Anthony Bourdain pays a neighborly visit to the United States' "brother from another mother," the politically complex nation of Mexico, and finds an equally complex type of food.
(CNN) -- Anthony Bourdain pays a neighborly visit to the United States' "brother from another mother," the politically complex nation of Mexico, and finds an equally complex type of food.
"I think most American's view of Mexican food is like beans, fried tortilla, melted cheese and some chicken," Bourdain says.
In Oaxaca, Bourdain's palate is taken back to pre-Hispanic times, with labor-intensive moles and homemade masa.
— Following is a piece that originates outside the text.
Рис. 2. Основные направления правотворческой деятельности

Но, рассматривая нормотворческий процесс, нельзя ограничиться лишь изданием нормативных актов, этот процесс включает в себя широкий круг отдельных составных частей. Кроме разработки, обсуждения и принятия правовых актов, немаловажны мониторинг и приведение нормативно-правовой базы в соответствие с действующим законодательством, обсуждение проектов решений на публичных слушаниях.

In Mexico City, he finds a new generation of chefs mixing those ancient Aztec traditions with the avant-garde. And in both places, there is many a shot of mezcal, Mexico's smoky, brash spirit of the agave plant.
Wash down the grit of the episode with an ice-cold michelada -- a Mexican beer cocktail - from Mexico City-born chef Pati Jinich.
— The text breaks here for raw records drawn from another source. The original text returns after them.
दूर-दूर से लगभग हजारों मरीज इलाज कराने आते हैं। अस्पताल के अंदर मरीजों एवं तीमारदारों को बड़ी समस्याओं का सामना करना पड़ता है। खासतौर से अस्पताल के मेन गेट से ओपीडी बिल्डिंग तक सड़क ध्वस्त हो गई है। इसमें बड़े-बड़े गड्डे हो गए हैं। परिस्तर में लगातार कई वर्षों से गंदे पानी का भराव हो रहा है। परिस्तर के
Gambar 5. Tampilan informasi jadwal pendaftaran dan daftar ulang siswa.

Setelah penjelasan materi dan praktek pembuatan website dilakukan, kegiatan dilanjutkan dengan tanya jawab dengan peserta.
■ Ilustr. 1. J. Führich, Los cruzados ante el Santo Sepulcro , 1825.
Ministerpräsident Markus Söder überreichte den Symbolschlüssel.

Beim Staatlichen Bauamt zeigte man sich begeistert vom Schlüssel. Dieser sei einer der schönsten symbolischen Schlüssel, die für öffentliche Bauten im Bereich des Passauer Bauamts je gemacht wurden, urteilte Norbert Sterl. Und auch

Recipe courtesy Pati Jinich, and reprinted with permission from "Pati's Mexican Table: The Secrets of Real Mexican Home Cooking."
Picture this: a frosty, ice-cold mug rimmed with tangy citrus and crunchy salt, filled with a mixture of beer and freshly squeezed lime juice. This is the michelada.
There are many versions: some, like the michelada especial, are over-the-top combos of salty, spicy and sour flavors. In any case, Mexico's dressed-up version of a beer will have you licking the last drops of salty lime juice off the rim of the frozen mug. You may never think of beer in the same way again.
Kosher or coarse sea salt
1 lime wedge
Ice cubes (optional)
2-3 tablespoons freshly squeezed lime juice
1 cold 12-ounce beer, preferably Mexican
For a michelada especial:
Dash of hot sauce, like Tabasco, Cholula, or Valentina or a combination
Dash of a salty sauce, like soy sauce, Worcestershire or Maggi
Pinch of kosher or coarse sea salt
Pinch of freshly ground black pepper
1. Place a beer mug in the freezer for a couple of hours or until chilled.
2. Spread the salt on a small plate. Rub the rim of the mug with the lime wedge and dip the rim gently into the salt to coat. Place a couple of ice cubes, if using, in the mug.
3. Add the lime juice, then pour in the beer. Or, if making a michelada especial, add the optional ingredients to taste, along with the lime juice, to the chilled mug. Stir lightly, then pour in the beer.
*You can give the drink an extra kick by dipping the rim of the glass in chile powder or a chile powder seasoning, like Tajín.